Quick note to self – the following are what I find most useful in Vim, not counting such basic things as modal editing: (Todo: provide links wherever appropriate).
Buffers to organize your work; when I knew less, I used tabs for the same purpose and got into holes that I couldn’t dig myself out of. Buffers are far more powerful and flexible. I’m not too charmed by the host of Buffer Explorer plugins, though. LustyExplorer’s buffer grep looks like a nice feature – but vimgrep seems to be enough for my needs. Currently, anyway. The Quickfix and Location List buffers deserve special mention – I can’t dream of cscoping in Vim without them. Actually… I use GNU Global (and exctags) instead of cscope when I can – but that’s a different story altogether.
Sessions and viminfo make life a lot easier when looking at multiple codebases (projects, if you will. Yes, my current job has influenced my vocabulary).
Listchars and highlight to ferret out tab-space interchanges and otherwise hard-to-find coding style violations. Make no mistake, coding style is good for you, especially if you’re a code coolie.
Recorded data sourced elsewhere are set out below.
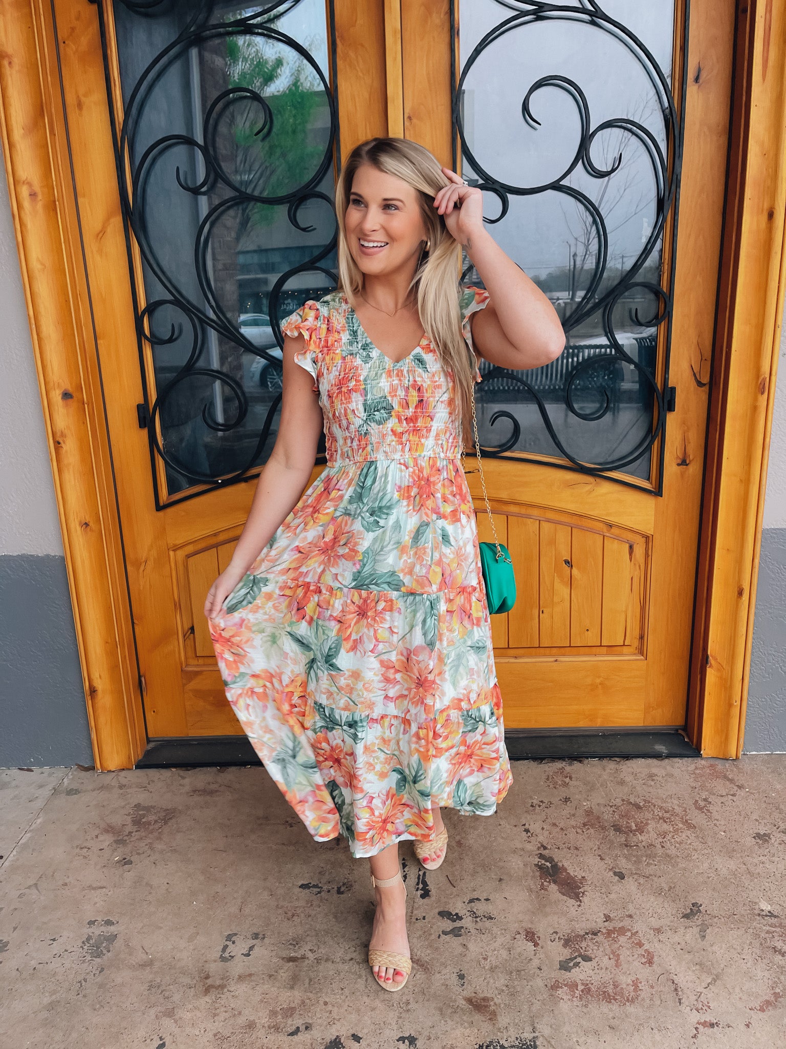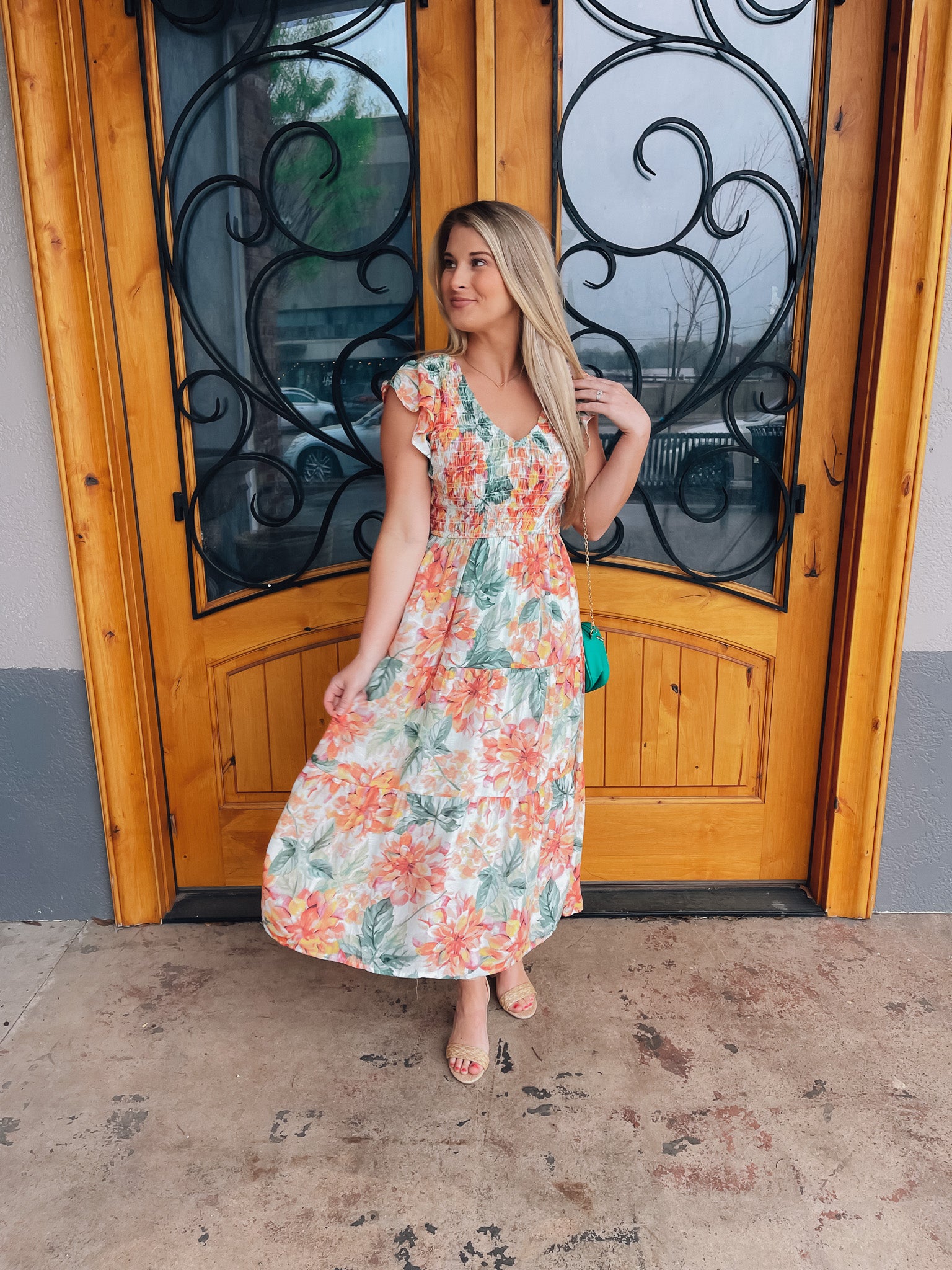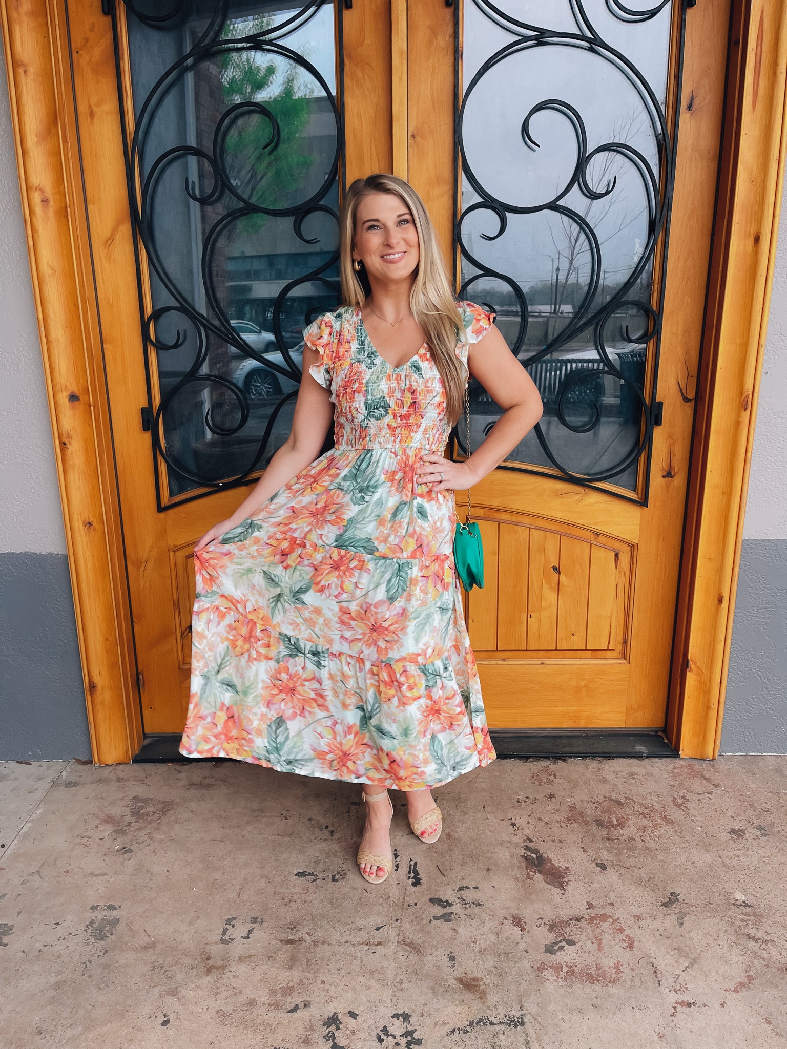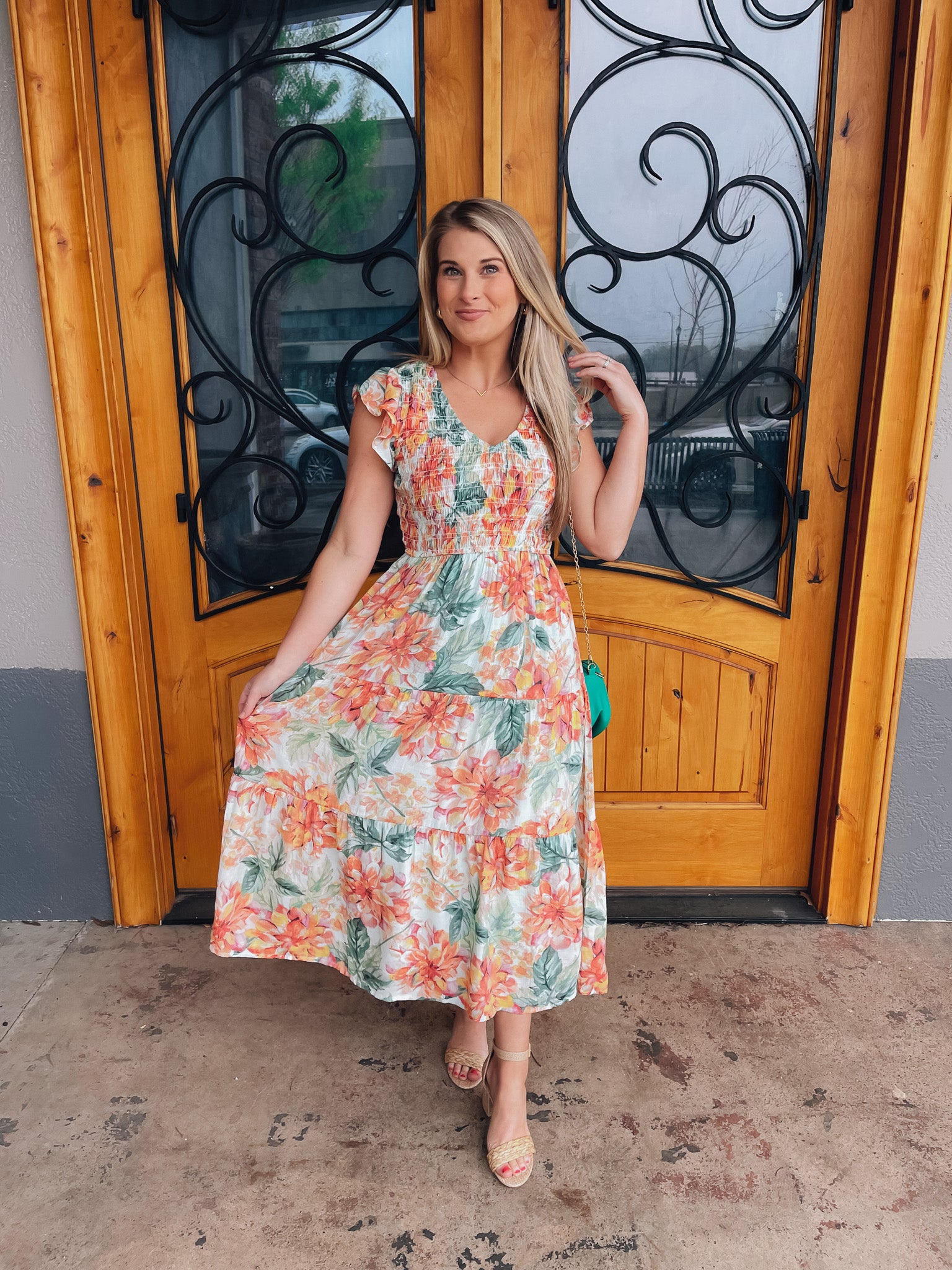 Indulge in the perfect springtime look with our Perfect Bouquet Midi Dress. The smocked v neck and beautiful floral print with mint background make this midi dress a must-have for any occasion. Embrace the feminine and elegant feel of this dress and turn heads wherever you go!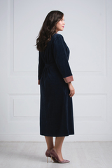 Элегантный длинный халат из мягкой велюровой ткани красивого синего цвета. Отложной воротник и манжеты халата выполнены из велюровой ткани подходящего приятного бежево-розового оттенка, прекрасно подчеркивающего основной цвет модели. Модель декорирована на левой груди красивым рисунком из страз. Удобные, глубокие боковые карманы добавляют модели комфорта. Длинный, съемный пояс подчеркивает силуэт. Классический крой и длина подойдут женщинам, ценящим элегантность и комфорт. В этом прекрасном халате Вы будете выглядеть особенно женственно. Рекомендована деликатная стирка.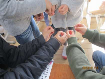 音楽で「ずいずいずっころばし」を学習しました。知らなかったという子も多く,初めての経験にドキドキわくわく。グループでやってみたら,最後に当たるか?とドキドキしたようで,とても盛り上がっていました。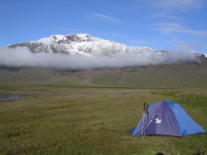 Mein Zelt an der Hafursá mit strahlend blauem Himmel überm frisch verschneiten Snæfell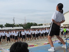 来週10日(木)の体育大会当日に向けて予行練習を行いました。開会式から競技の入退場、各団の応援、ギネスの練習を行いました。すべての流れを本番と同じように確認しながら進めましたが予定の時刻よりも早いペースで進んでいました。委員会の活動も天気の関係で十分に確認できていない中でも、生徒は自分たちで考えて行動するように努めていました。(さすが日中生です。)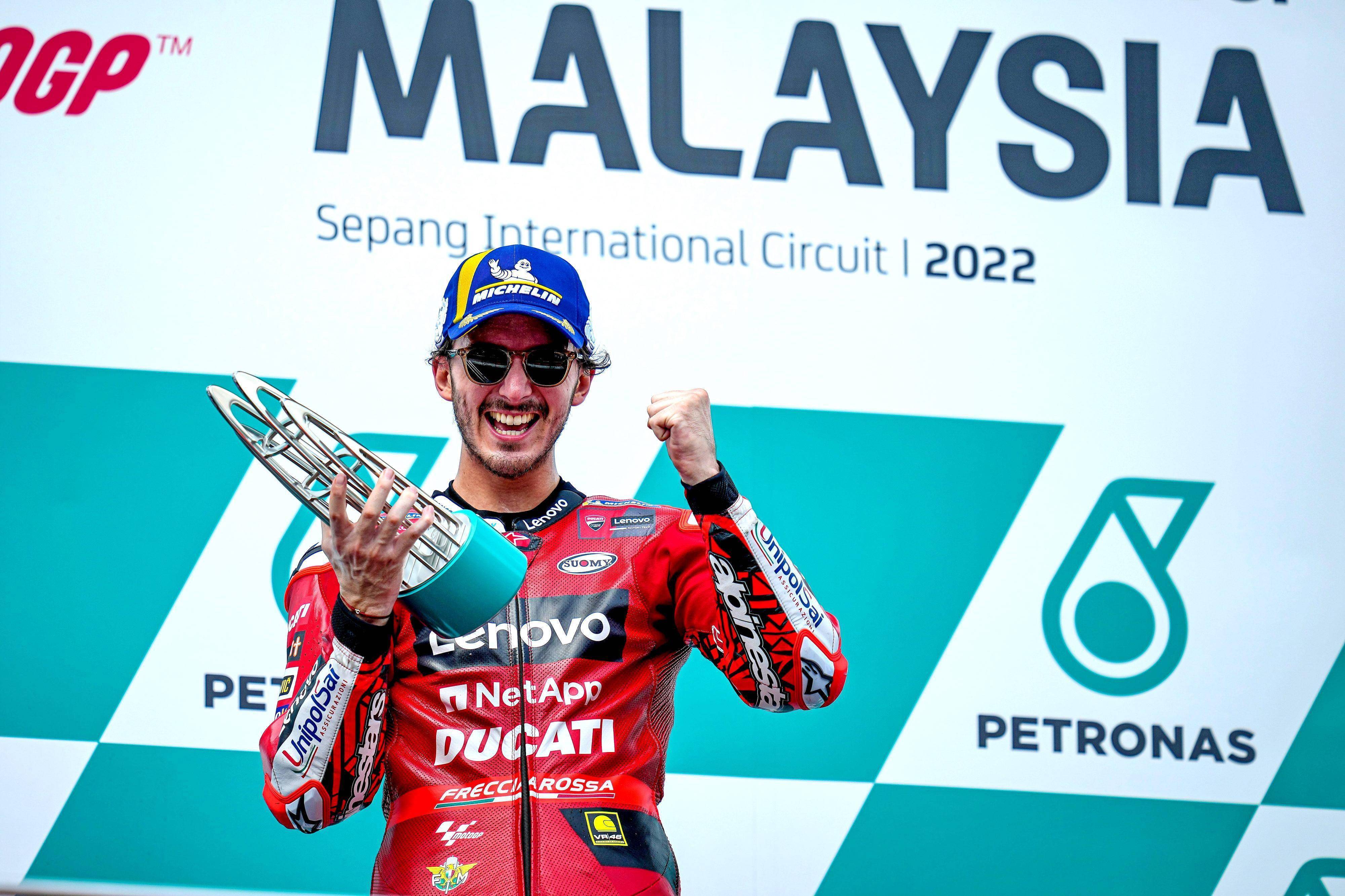 MotoGP 馬來西亞雪邦站的比賽之后,杜卡迪工廠車隊的車手巴納亞(Francesco Bagnaia)以 258 分排在積分榜的首位,領(lǐng)先優(yōu)勢有 23 分,本周進行的 2022 賽季最后一個分站比賽里,他只要拿到第十四名(即使同分之下,他也能以較多的分站冠軍數(shù)字而獲勝)或更好的成績,就可實現(xiàn)杜卡迪今年在 MotoGP 里的大滿貫:同時奪得了車手、制造商、車隊的世界冠軍。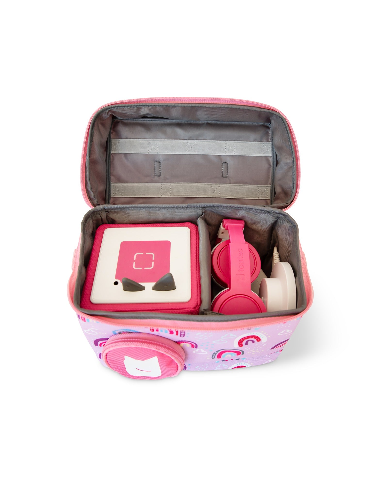 Enjoy on-the-go listening with this charming carry bag designed to accommodate your Toniebox, accessories and a small collection of tonies!
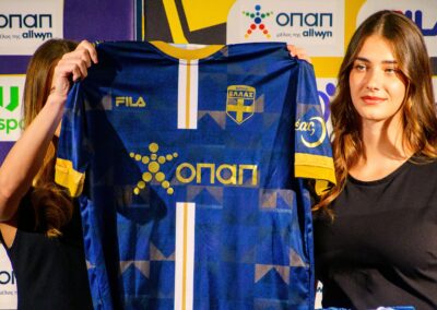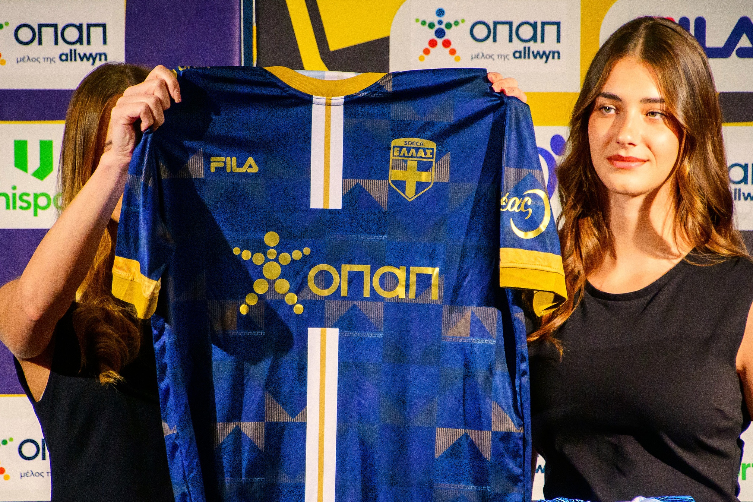 Η μεγάλη αποκάλυψη της βραδιάς ήταν η Limited Edition σκούρα μπλε εμφάνιση, με χρυσές λεπτομέρειες και γεωμετρικά μοτίβα που παραπέμπουν στην αρχαιοελληνική τέχνη. Ξεχωριστή στιγμή αποτέλεσε η παρουσίαση του χρυσού λογότυπου του ΟΠΑΠ, ένα πρωτότυπο και ιδιαίτερα εμβληματικό στοιχείο για επίσημη εμφάνιση του αντιπροσωπευτικού μας συγκροτήματος, στοιχείο που συνδέεται με την τελευταία παρουσία της εταιρίας με αυτό το brand σε οποιαδήποτε ομάδα πριν την ιστορική της μετάβαση σε Allwyn τον ερχόμενο Ιανουάριο.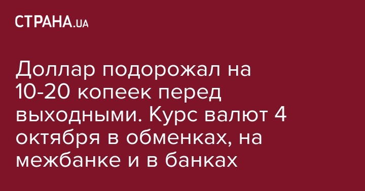4 октября доллар на разных площадках подорожал в среднем на 10-20 копеек. В обменках к вечеру его покупают за 25 грн, продают за 25,10 грн. Межбанк перед выходными закрылся с котировками 24,78 грн - покупка и 24,83 грн - продажа. В банках  доллар также немного подорожал в покупке на 5-20 копеек, в зависимости от банка, а вот продажа практически не изменилась.

Read Mark C. Chu-Carroll on the topic, if you haven’t already.
The CSApprox plugin that lets me use colour schemes on plain vim in a terminal. Schemes like peaksea are light on the eye, and are way better than plain black and white (matter of opinion, of course), or crippled colour schemes that look plain crappy. Also the Color Sampler Pack.
The Tagbar and gtags[-cscope] plugins. Gtags lets me use GNU Global from within vim, and gtags-cscope provides cscope-like key bindings for GNU Global. Tagbar is nice when looking at OO code – Python, for instance. I shudder to think of C++, but I’ve heard on good authority that Tagbar’s been a minor lifesaver when dealing with said abomination as well.
Matchit for the occasional funny match. IIRC, it’s responsible for Vim’s automatically matching #ifdefs with #elses and #endifs. Even if not, that does serve as a rather trivial example of what matchit can do. It should’ve been named matchmaker. (And could hence have served as an obvious lead in for multiple jokes based on that song from Fiddler on the Roof.)
There are probably more things in Vim that I find essential, but these are the ones on top of my mind right now. I’ve probably taken some for granted (like modal editing), and have forgotten others. More on those another time.